# Using PLAYA-PDF to extract document outlines

PDFs commonly contain a "document outline" which is a machine-readable table of contents, usually presented in a sidebar by PDF readers.  Here, we will extract this outline and format it as HTML.

First, obviously, we must import the `playa` module:

In [1]:
import playa

Now, let's open [a PDF](../samples/contrib/stochastic_parrots.pdf), in this case, the classic paper "On the Dangers of Stochastic Parrots" (Bender, Gebru, McMillan-Major, Mitchell, 2021, https://doi.org/10.1145/3442188.3445922):

In [2]:
DOCUMENT = "../samples/contrib/stochastic_parrots.pdf"
pdf = playa.open(DOCUMENT)

## TL;DR if you are lazy: use the eager API to get an object

If you just want to grab some metadata and spit it out as JSON or whatever, `playa.asobj` will generally do something useful for you.  This is as simple as you would expect:

In [3]:
playa.asobj(pdf.outline)

[{'title': 'Abstract',
  'destination': {'page_idx': 1,
   'display': 'XYZ',
   'coords': [53.798, 546.17, None]}},
 {'title': '1 Introduction',
  'destination': {'page_idx': 1,
   'display': 'XYZ',
   'coords': [53.798, 227.588, None]}},
 {'title': '2 Background',
  'destination': {'page_idx': 2,
   'display': 'XYZ',
   'coords': [53.798, 492.73, None]}},
 {'title': '3 Environmental and Financial Cost',
  'destination': {'page_idx': 3,
   'display': 'XYZ',
   'coords': [53.798, 321.421, None]}},
 {'title': '4 Unfathomable Training Data',
  'destination': {'page_idx': 4,
   'display': 'XYZ',
   'coords': [53.798, 423.907, None]},
  'children': [{'title': "4.1 Size Doesn't Guarantee Diversity",
    'destination': {'page_idx': 4,
     'display': 'XYZ',
     'coords': [53.798, 278.407, None]}},
   {'title': '4.2 Static Data/Changing Social Views',
    'destination': {'page_idx': 5,
     'display': 'XYZ',
     'coords': [53.798, 334.076, None]}},
   {'title': '4.3 Encoding Bias',
    'dest

## Let's format a tree as HTML

We could also use [ipytree]() but it won't display nicely with `nbconvert` in GitHub, so bare HTML it is!

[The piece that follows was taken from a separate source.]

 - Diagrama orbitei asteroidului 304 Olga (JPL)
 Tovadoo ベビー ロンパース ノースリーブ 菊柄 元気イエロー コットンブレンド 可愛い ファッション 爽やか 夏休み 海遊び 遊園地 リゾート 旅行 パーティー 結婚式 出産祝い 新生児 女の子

Here we'll use the "lazy" API to descend into the outline, which is represented by a `playa.outline.Tree` object that is of type `Iterable[playa.outline.Item]`.

In [4]:
from IPython.display import HTML
from itertools import chain

def make_item(outline):
    return outline.title

def make_list(outline):
    html = ["<li>"]
    html.append(make_item(outline))
    items = list(outline)
    if items:
        html.append("<ul>")
        for item in items:
            html.extend(make_list(item))
        html.append("</ul>")
    html.append("</li>")
    return html

def make_html(outline):
    return "\n".join(["<ul>", *chain.from_iterable(make_list(outline) for outline in pdf.outline), "</ul>"])

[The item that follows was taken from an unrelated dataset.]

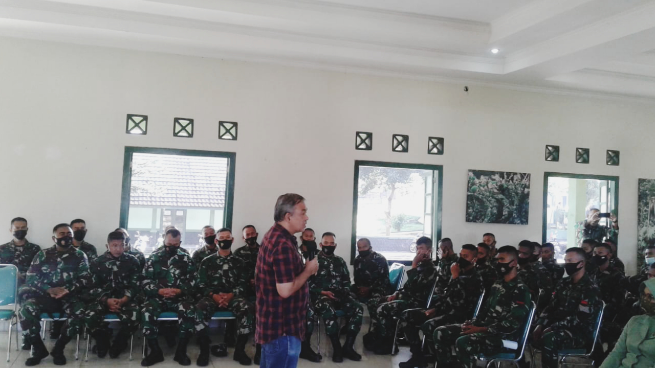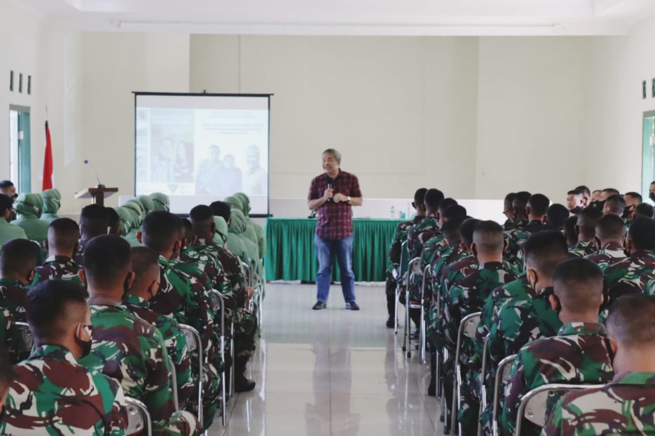 | Dr Aqua Dwipayana di depan para prajurit TNI pada saat menyampaikan materi Komunikasi lintas budaya |

HTML(make_html(pdf.outline))

## Let's add links to the pages in the PDF from the outline

Obviously, just getting the titles of the outline items isn't incredibly useful, though it's a start.  As you might expect, these items refer to actual locations in the document (they can also be associated with other interactive actions, though I have no idea why that is useful).

We can't display the PDF interactively here in this notebook (at least not without a custom widget), but we can link to pages using the `#page=N` convention supported by browsers.  To do this, we use the `destination` property of the outline items.  Note that we index pages from zero in PLAYA:

In [5]:
def make_item(outline):
    return f'<a href="{DOCUMENT}#page={outline.destination.page_idx + 1}">{outline.title}</a>'

HTML(make_html(pdf.outline))

## Let's look at the outline destinations

We can, of course, also get text out of PDFs.  Like all things, this works better when people make tagged and/or accessible PDFs, so please do that, but it also works for ordinary ones like this one.

For instance we can get all the text from a destination page, but again, this isn't super useful:

In [6]:
def make_item(item):
    return f"<b>{item.title}</b>: {item.destination.page.extract_text()[:80]}"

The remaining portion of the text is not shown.